*** Data extract ***
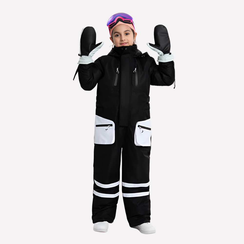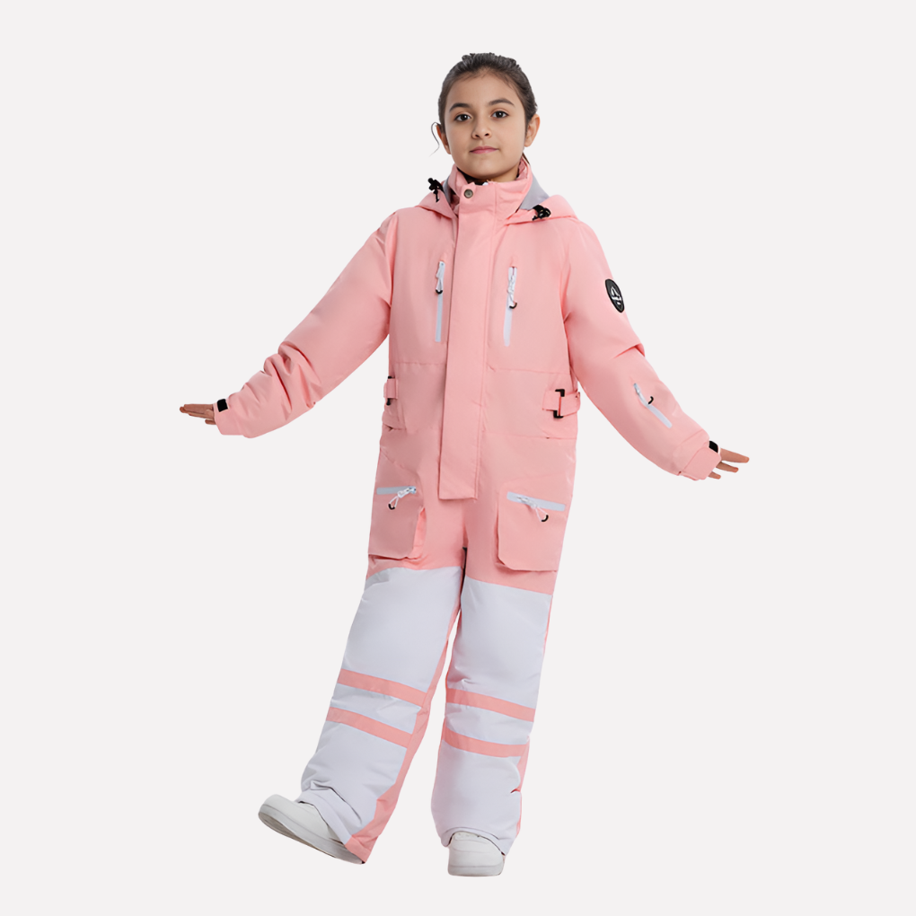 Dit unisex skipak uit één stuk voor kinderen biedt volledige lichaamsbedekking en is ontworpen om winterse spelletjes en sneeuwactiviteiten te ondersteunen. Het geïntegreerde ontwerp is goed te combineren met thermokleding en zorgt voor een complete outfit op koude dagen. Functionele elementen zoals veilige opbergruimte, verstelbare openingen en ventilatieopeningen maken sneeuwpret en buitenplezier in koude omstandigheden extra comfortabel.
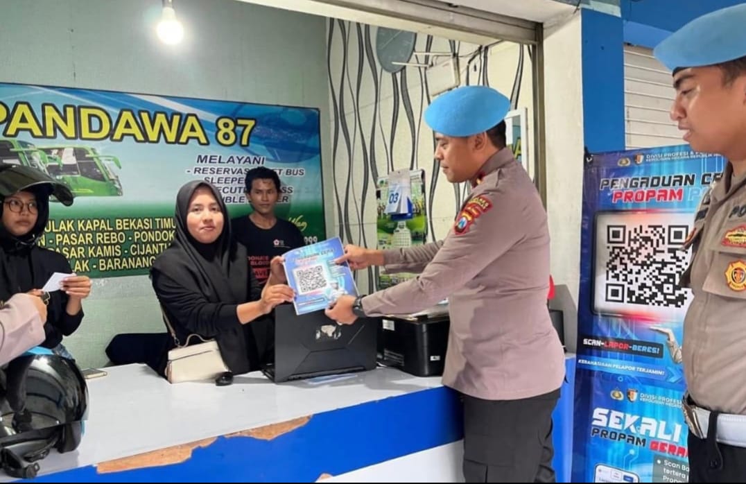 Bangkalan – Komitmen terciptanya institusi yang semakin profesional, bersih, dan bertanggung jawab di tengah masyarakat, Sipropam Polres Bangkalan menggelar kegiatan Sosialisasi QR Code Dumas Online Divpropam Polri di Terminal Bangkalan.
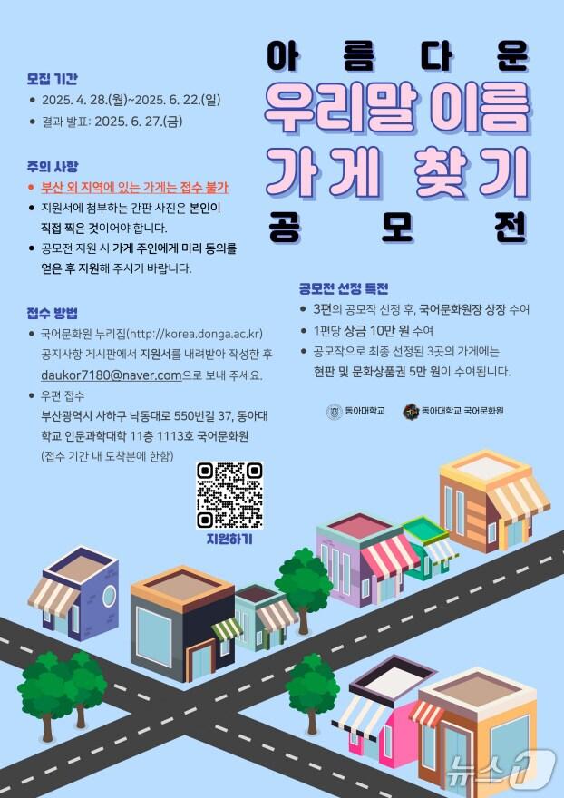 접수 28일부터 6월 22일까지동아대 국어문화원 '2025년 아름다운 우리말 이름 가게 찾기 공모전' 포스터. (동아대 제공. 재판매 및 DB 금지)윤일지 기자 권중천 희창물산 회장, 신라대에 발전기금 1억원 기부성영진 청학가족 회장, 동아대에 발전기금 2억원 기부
*** End of Data extract ***
#### Directions for this task
Retype the data above exactly. Do not carry over any images.

#### Solution to this problem
 Dit unisex skipak uit één stuk voor kinderen biedt volledige lichaamsbedekking en is ontworpen om winterse spelletjes en sneeuwactiviteiten te ondersteunen. Het geïntegreerde ontwerp is goed te combineren met thermokleding en zorgt voor een complete outfit op koude dagen. Functionele elementen zoals veilige opbergruimte, verstelbare openingen en ventilatieopeningen maken sneeuwpret en buitenplezier in koude omstandigheden extra comfortabel.
 Bangkalan – Komitmen terciptanya institusi yang semakin profesional, bersih, dan bertanggung jawab di tengah masyarakat, Sipropam Polres Bangkalan menggelar kegiatan Sosialisasi QR Code Dumas Online Divpropam Polri di Terminal Bangkalan.
 접수 28일부터 6월 22일까지동아대 국어문화원 '2025년 아름다운 우리말 이름 가게 찾기 공모전' 포스터. (동아대 제공. 재판매 및 DB 금지)윤일지 기자 권중천 희창물산 회장, 신라대에 발전기금 1억원 기부성영진 청학가족 회장, 동아대에 발전기금 2억원 기부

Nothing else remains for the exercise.